— Ну, будь здоров! — Борис встал.
— Да, сядь ты, псих ненормальный! Счас кашку добью и вместе назад почапаем. — «Топорик» силком усадил Бориса на место. И, будто между делом, попросил. — Слушай, седой, не называй меня больше «Топориком», идет? Обрыдла тюремная кликуха. Зови, как матушка нарекла, — Вячеславом.
— Шутишь? — У Бориса даже слезы в глазах закипели: недавний вожак блатарей, уголовник, изукрашенный татуировкой, как фазан перьями, «урка», на его глазах начал превращаться в настоящего человека.
— Настоящая-то фамилия твоя как?
— Я ее, родненькую, чуть было не запамятовал, кочуя по тюрьмам да по этапам. Сам родом из хохлов — Сергиенком звали. — Он обнял Бориса за плечи. — Вот такие пирожки. И, странная штука, захотелось мне помочь твоему горю, «выковырянный». Не оттого, что меня в ту зимнюю ночь пощадил ты в бараке. Дело зрело давным-давно. Помню, в заполярной Воркуте, там я «семерку» тянул, подкатился вечерком ко мне бывший попик — «контрик» и давай раскачивать мою гнилую душонку, мол, сколько можно злодействовать, вредить людям праведным, мол, в священных книгах указано: «Зло десятикратно порождает зло, радуя сатану, добрые же дела уничтожают зло». Я, помнится, тогда похохотал, послал попа подальше Заполярья, но где-то тут, — новоявленный Вячеслав постучал себя по груди, — отметочка осталась, крохотная такая заноза. После додумался, что прав был поп: коль все вокруг будет черное, то и воровать станет не у кого, а за белое можно и повоевать.

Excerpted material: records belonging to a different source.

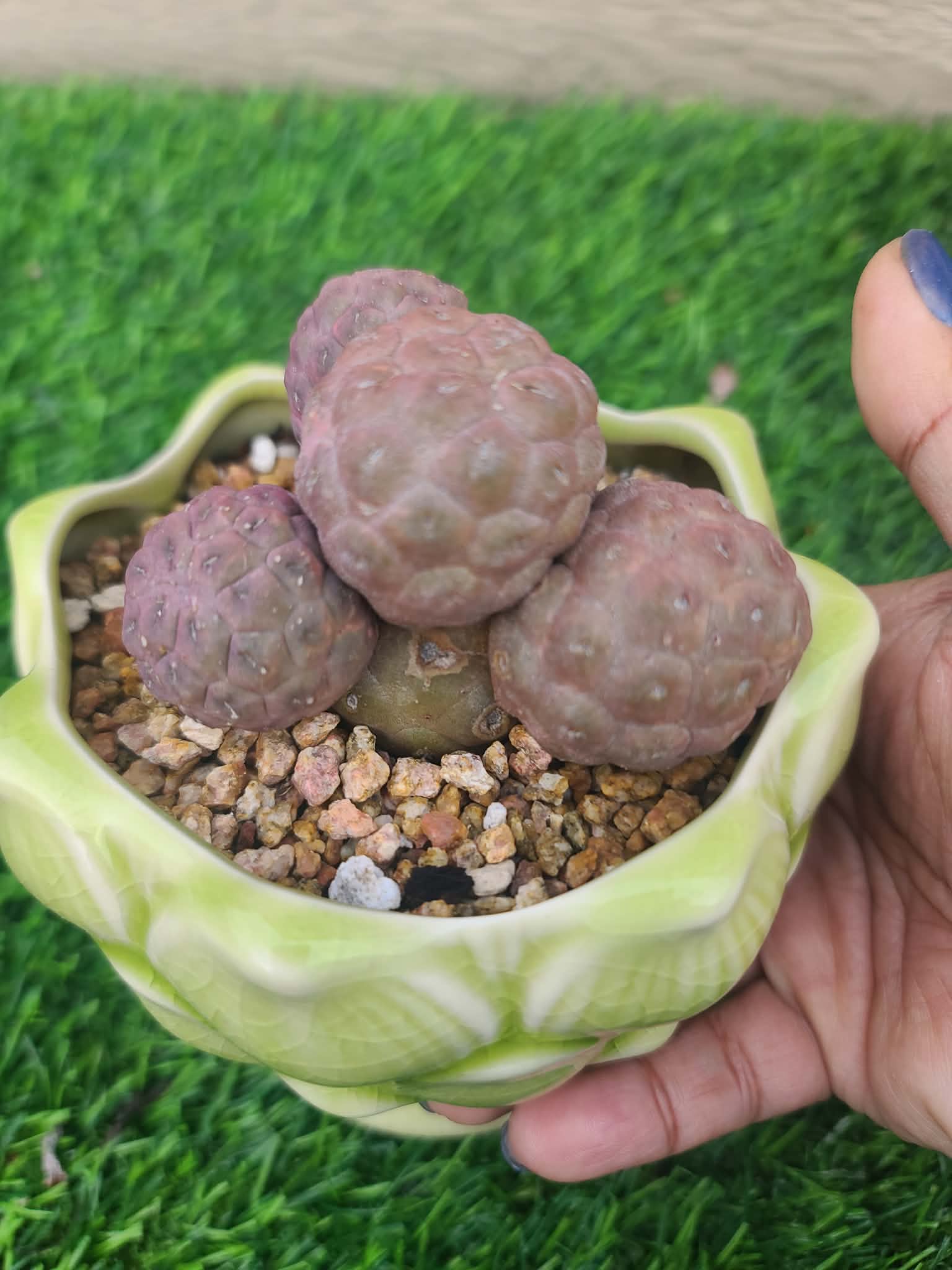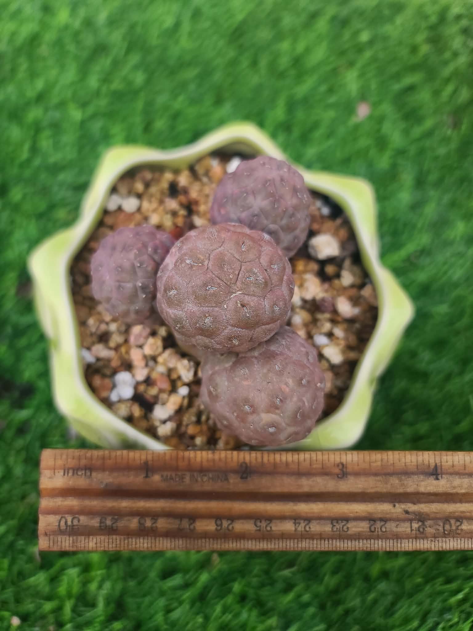 Meet the living sculpture,  a rare cactus made of perfectly rounded, geometric segments with a dreamy dusty purple hue. Each “ball” stacks like nature’s own art piece, giving it a bold, modern look that stands out in any collection. Slow-growing but incredibly unique, definitely a collector’s gem.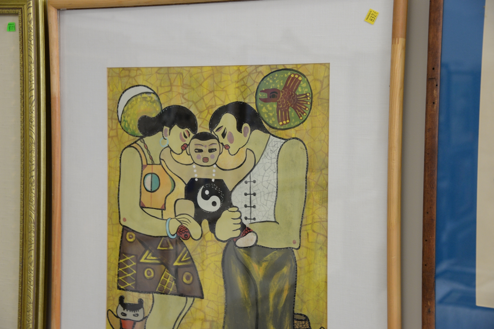 Lot 107: Four framed pieces to include three Joan Miro prints and a mixed media by Tang Pak Lee Treasure. sight sizes 11 x 8 to 23 x 17 …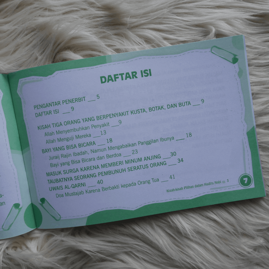 Buku ini berjudul Buku Anak Kisah-Kisah Pilihan Dalam Hadits Nabi , Buku ini berisi kisah-kisah pilihan dari Hadits-Hadits Rasulullah Shallallaahu Alaihi Wa Sallam.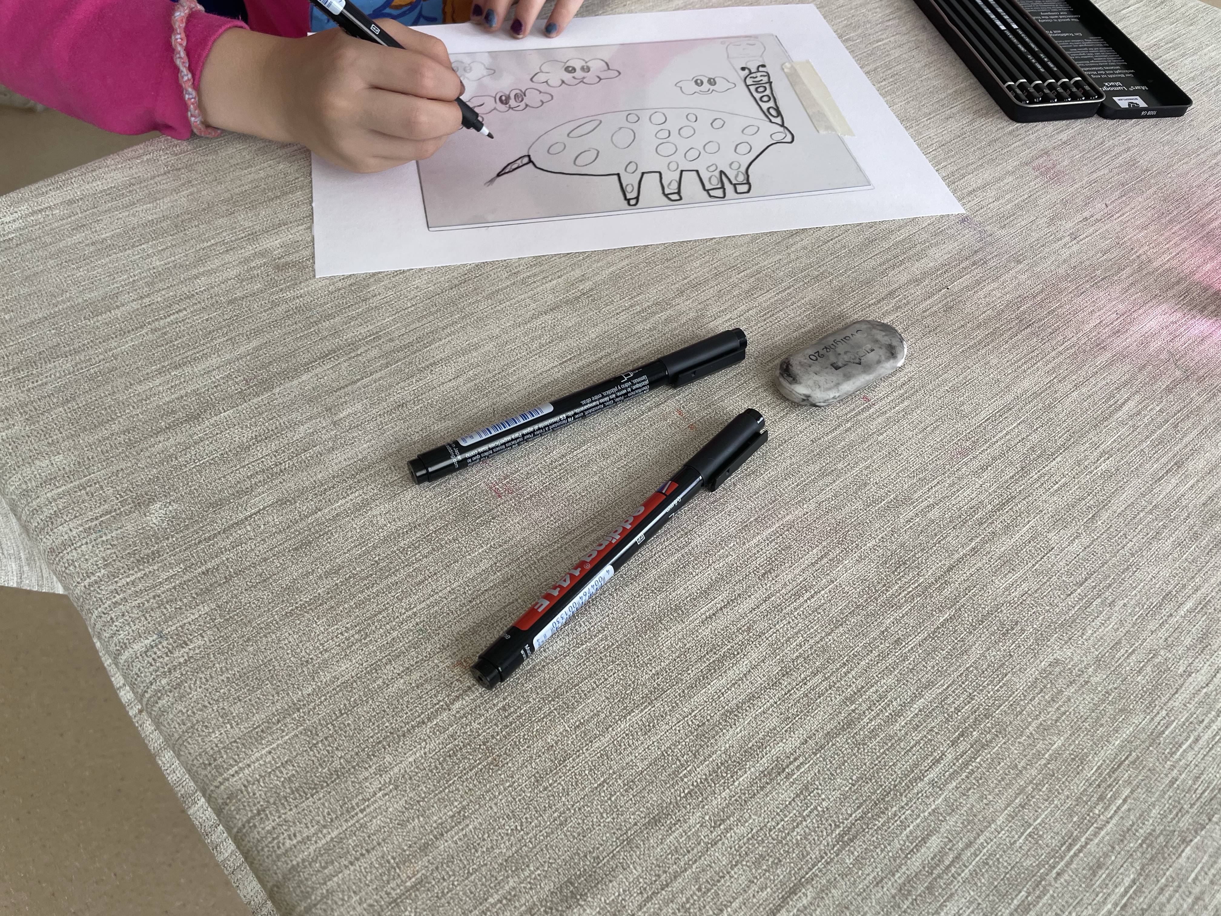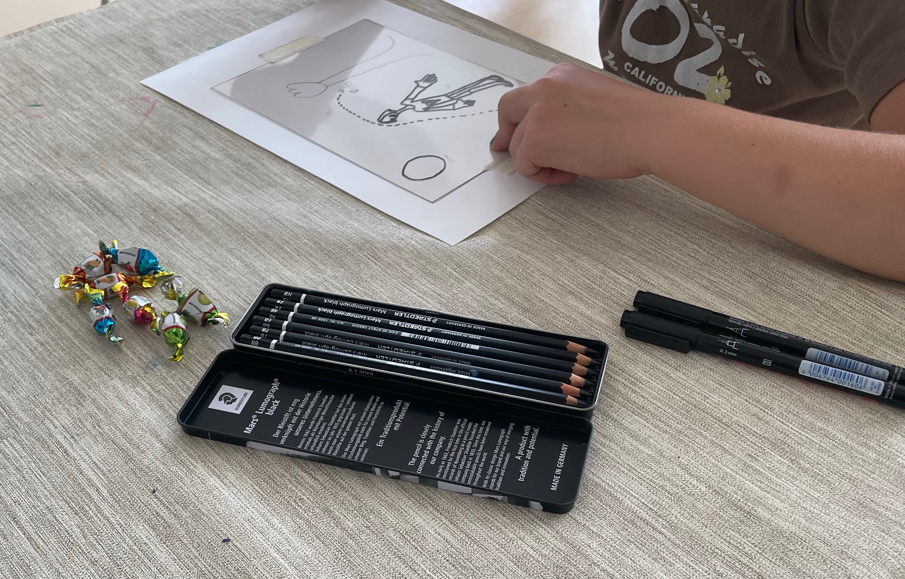 Die Kinder und Jugendlichen dürfen dieses Mal frei ihre Motive wählen. Auch das Thema für das Motiv gebe ich nicht vor. Mit ein paar gezielten Fragen nach Hobby, Lieblingstier… findet jeder sein Idee. Mit Bleistift gelangen diese Ideen auf das Skizzenpapier. Die Skizze arbeitet jeder zu einer fertigen Vorzeichnung aus, weil diese für den nächsten Schritt gebraucht wird.

— Что тебе сказать, Вячеслав Сергиенко, — Борис все еще не верил вчерашнему уголовнику. — Большая путаница у тебя в голове, но слушать, честно скажу, было приятно. Ну, пока! Авось еще когда-нибудь потолкуем.

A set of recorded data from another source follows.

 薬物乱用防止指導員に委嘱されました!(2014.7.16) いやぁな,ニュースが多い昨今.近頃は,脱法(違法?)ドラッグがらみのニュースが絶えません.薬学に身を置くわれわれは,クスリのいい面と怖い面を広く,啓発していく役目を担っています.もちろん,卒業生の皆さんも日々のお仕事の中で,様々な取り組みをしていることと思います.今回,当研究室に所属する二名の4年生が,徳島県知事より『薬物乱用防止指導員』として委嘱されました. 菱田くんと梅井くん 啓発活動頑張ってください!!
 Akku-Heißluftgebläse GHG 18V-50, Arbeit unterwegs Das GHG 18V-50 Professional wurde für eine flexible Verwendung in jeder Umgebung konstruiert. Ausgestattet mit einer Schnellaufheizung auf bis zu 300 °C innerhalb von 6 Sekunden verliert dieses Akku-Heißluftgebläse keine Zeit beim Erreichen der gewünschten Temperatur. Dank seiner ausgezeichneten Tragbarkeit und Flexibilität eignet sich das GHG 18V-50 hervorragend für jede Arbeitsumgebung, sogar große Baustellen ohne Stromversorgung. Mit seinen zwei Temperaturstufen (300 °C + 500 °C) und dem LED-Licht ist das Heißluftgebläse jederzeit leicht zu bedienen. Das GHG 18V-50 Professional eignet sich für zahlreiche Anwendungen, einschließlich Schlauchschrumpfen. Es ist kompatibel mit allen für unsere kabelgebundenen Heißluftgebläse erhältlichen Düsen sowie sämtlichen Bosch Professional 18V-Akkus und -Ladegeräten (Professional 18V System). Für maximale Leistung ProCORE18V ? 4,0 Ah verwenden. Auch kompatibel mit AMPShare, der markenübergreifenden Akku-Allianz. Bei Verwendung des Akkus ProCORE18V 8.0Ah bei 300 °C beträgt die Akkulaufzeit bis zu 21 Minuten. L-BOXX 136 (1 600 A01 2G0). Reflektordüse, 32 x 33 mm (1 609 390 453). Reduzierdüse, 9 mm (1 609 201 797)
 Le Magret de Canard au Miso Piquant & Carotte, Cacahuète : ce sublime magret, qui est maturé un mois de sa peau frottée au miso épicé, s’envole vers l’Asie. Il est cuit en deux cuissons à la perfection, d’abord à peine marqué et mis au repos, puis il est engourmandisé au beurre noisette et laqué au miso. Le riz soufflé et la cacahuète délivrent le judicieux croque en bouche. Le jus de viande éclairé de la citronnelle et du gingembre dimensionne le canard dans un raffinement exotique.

— Не спеши! Давай так договоримся: сегодня после смены в барак не спеши, встретимся у ворот сталеплавильного. Родилась одна задумка по поводу твоей девчонки.
— Какая, если не секрет? — Борису показалось, что Вячеслав окончательно с преступным миром не порвал, а эти лихие ребята многое могут.
— Есть в команде ВОХРа у меня фраерок, очень нам обязанный. Высвистаем его из дежурной комнаты и слегка потрясем, выспросим о твоей девчонке.
— Шутишь? — Борис готов был броситься на шею новоявленному спасителю, но тут же остудил себя: «Забыл разве: этот уголовный элемент и не такое наплетет». Вячеслав же тотчас разгадал ход его мысли:
— Сам знаешь, как любил я пошутковать, а теперь — шабаш. Научили меня здесь уму-разуму, будем действовать: сам погибай, а товарища выручай.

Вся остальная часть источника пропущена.